Acquaintances gave up
With the exception of Alar Tupp's post-treatment weight gain of 20 kilograms and the resulting higher blood pressure, as well as early-stage lymphoma in his armpit detected in a computer examination years ago, which was removed by surgery, he estimates his health as generally average. «You just have to enjoy life,» he says.
During his time in the hospital, he decided that as long as one can manage two things – eat and go to bathroom without help – life is all right.
Maintaining optimism is the key to going on with one’s life, Alar Tupp assures. He had two acquaintances, one with stomach cancer and the other with prostate cancer. As soon as they heard about the diagnosis, they both became depressed and began to drink to relieve their anxiety. Although they received treatment, both men died a few years later.
«This is where the faith comes in,» says Lea. The belief that it is possible to survive and live on.
«Cancer is not a death sentence if you believe in yourself,» Alar Tupp confirms. «If you do not believe it yourself, you are a goner.»
Alar Tupp sits in his white Dacia on Friday afternoon and drives to work. His boss had called and said that some pipes needed replacing. «When you are active, you have no time to think of bad things,» he says.
A sauna session is planned for the weekend. He built the sauna in a garage behind the house. When grandchildren come to visit him, «the life is as good as it gets,» he says.
Tiring experience in Russia
Like everyone who has been diagnosed with cancer, Alar Tupp has wondered what might have caused the disease. He suggests two factors, admitting that these are mere conjectures.
In the second half of the 1980s, he served for two years in the Novaya Zemlya archipelago in the Arctic Ocean, home to the Soviet Union's nuclear training ground since the 1950s. Although Tupp spent most of his service in the kaptyorka or supplies room, radioactive clouds had repeatedly moved across the islands, although no one talked about it. It is said that a large part of the islands are still radioactively contaminated.
In the 1990s Tupp worked as a cook in construction sites in Moscow. His job was to prepare food for 80 men. There were 14-hour workdays that lasted for six weeks without any days off. Then he returned home for ten days before starting the next six-week cycle. This type of work lasted two years. «It was tiring,» Tupp says.

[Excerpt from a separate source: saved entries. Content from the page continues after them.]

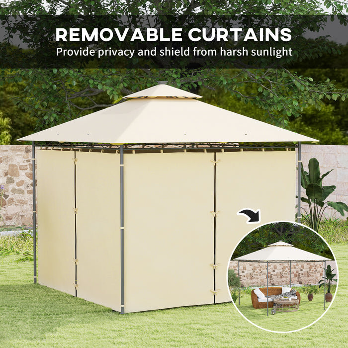Transform your garden into a luminous haven with the Outsunny garden shelter. Its solar-powered LED lights, including a central beacon and 44 bulbs, ensure magical evenings under a starlit sky. The dual-roof design enhances airflow, while the splash-resistant polyester canopy with drainage holes keeps the rain at bay. Plus, removable curtains provide seclusion and shade, crafting the desired outdoor retreat.
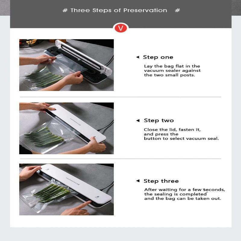 Introducing the Electric Sealing Machine, your ultimate companion for food preservation and storage. This electric-powered machine offers the convenience of vacuum sealing, ensuring that your food stays fresh for longer periods. Equipped with a vacuum bag feature, this sealing machine creates an airtight seal that locks in the flavors, nutrients, and freshness of your food.
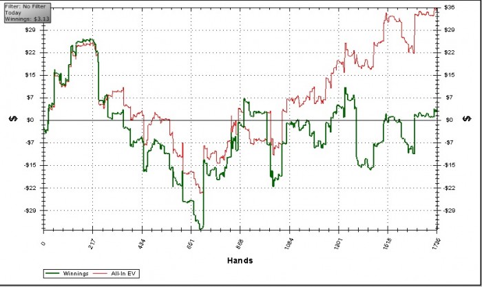 .. но итогом не доволен, надо было на весь стек сыграть на ривере, ибо боимся только 33, вот если бы эта скотина поставила 3/4 или пот, но нет, влепил обербетом, смутил меня зараза, к тому же я еще и поспешил, лол
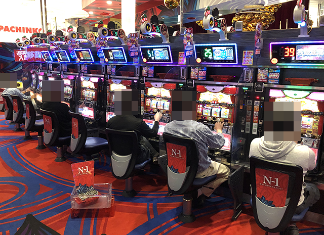 店内を進んでいくと、パチンコとパチスロの両方で活気のあるシーンを目にした。

The aid which extends life
The cancer treatment fund The Gift of Life, established in 2014, has supported the treatment of more than 1,200 Estonia’s residents. The youngest of them was 5 years old and the oldest 83.
35-40 percent of people who were helped by the fund have lived at least one additional year. Several people have fully recovered with the help of the fund.
As of yesterday, The Gift of Life fund had raised almost three and a half million euros, of which slightly more than two and a half million came from donors.
Until this spring, the fund received 25-30 support applications per month. According to the founder Toivo Tänavsuu, the number of applicants has doubled in recent months.